He must not have sounded very convincing. Heliotrope just sighed, and said, “Alright. So since you already did it, that’ll really throw the ritual out of sorts. I don’t know where this will send them… but either way, this might not end well.”

“YEET!” Nebula yelled, and flung it out an open window. “Huh, that is fun to say.”

You need to find the control crystal, now,” Heliotrope continued. Otherwise, this might teleport you… anywhere. Might even end up in a wall.”

“How will we find it?” Kraber asked.

“Look for the edge of the circle, and try to move towards the center,” Heliotrope said. “Keep looking, and you’ll find it soon enough.”

Kraber looked to Nebula, and nodded.

They kept quiet as possible as they made their way through the top floor of the hospital. There could be PER anywhere, they were absolutely certain of that. And while the common stereotype was that their only weapons were vials of potion that splattered harmlessly against armor, well…

Tonight had proven that oh so very wrong.

Kraber peered around a corner, staring down the Fostech’s sights. It was running low on ammo in fact, he didn’t know why he’d picked it up, it was so heavy.
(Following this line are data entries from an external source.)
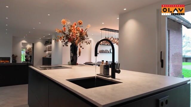 De moderne open keuken vormt het hart van de woning. Uitgevoerd in een eigentijdse, donkere kleurstelling met een groot kookeiland en hoogwaardige inbouwapparatuur. De keuken is voorzien van een inductiekookplaat met geïntegreerde afzuiging, twee ovens, koelkast, vriezer en een Quooker. Dankzij de ruime opzet en de verbinding met de eethoek is dit een perfecte plek voor uitgebreid koken en gezellig tafelen met uitzicht op de achtertuin. Bovendien heeft u vanuit zowel de keuken als de eetkamer direct toegang tot de achtertuin via de schuifdeuren.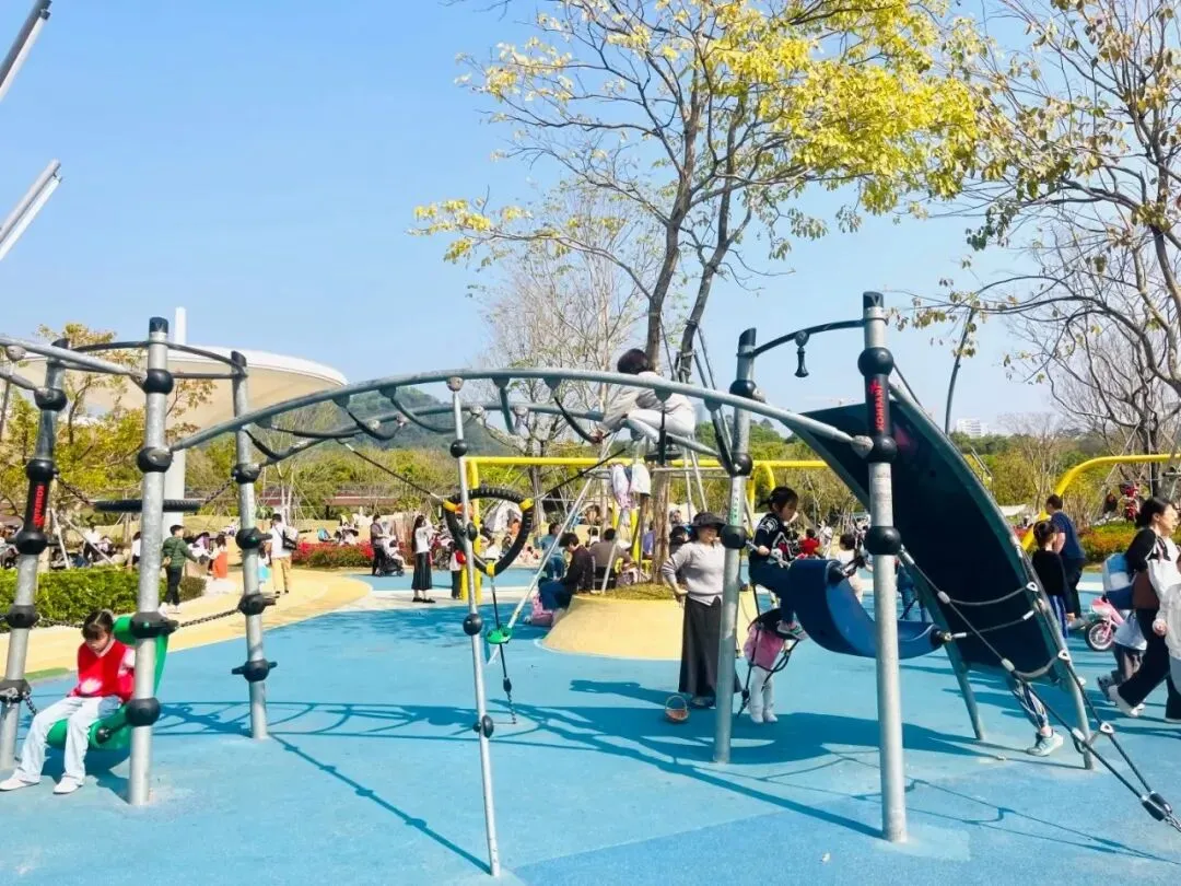 笔架山体育公园自带大片草坪与儿童乐园,还有各种游乐设施与沙池。逛完满径繁花,不妨带着孩子肆意撒欢,不负春日好时光。
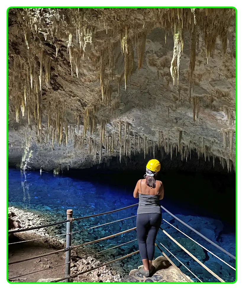 Nenhuma foto faz justiça. Descer os degraus e dar de cara com esse azul profundo é uma experiência quase espiritual. Um monumento natural esculpido por milhões de anos.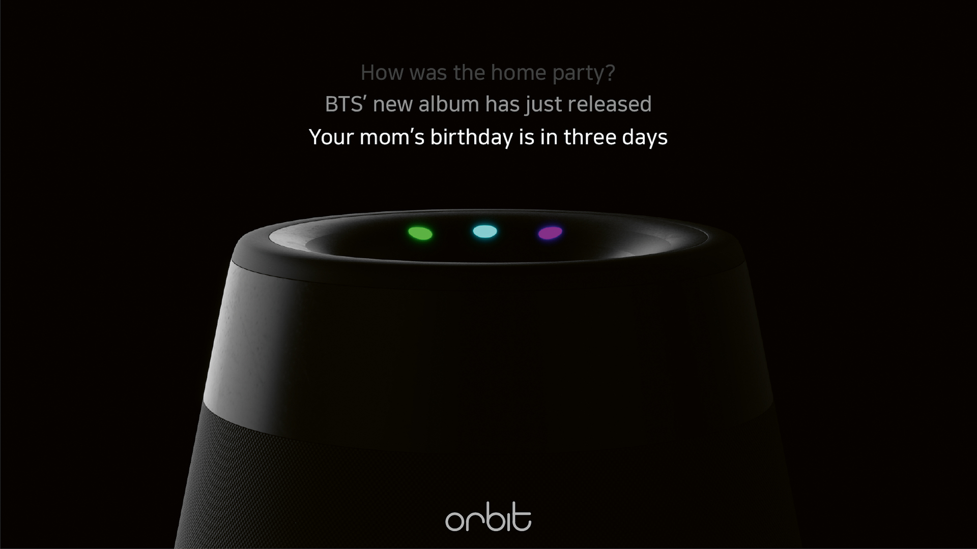 The Orbit smart speaker provides users with a natural communication experience, since it does not need a wake-up command to start a conversation, but by itself shows the will to communicate. The device uses LED lights to indicate that it has valuable information to share. If the user is not nearby at that moment, the information is stored, with an LED stack light circling around the top of the speaker to express that it is “waiting” for the user. The LED colours indicate what kind of information is available: blue is for daily life issues, green for user interests and purple stands for calendar-related content.

Oh, right, Kraber thought, spying two humans and four ponies in PHL armor that’d been defaced with what looked like a purple sun. ‘Auto-shotguns are cool.

“We are getting creamed out here!” cried one armored pegasus. A mare, by the sound of it.

“Don’t worry,” said another pony, in an overbearingly cheery tone that made Kraber certain of one thing.

That’s it. He’s dying first.

“We will prevail. Besides, no way he could get through Schuller and Hot Pie.”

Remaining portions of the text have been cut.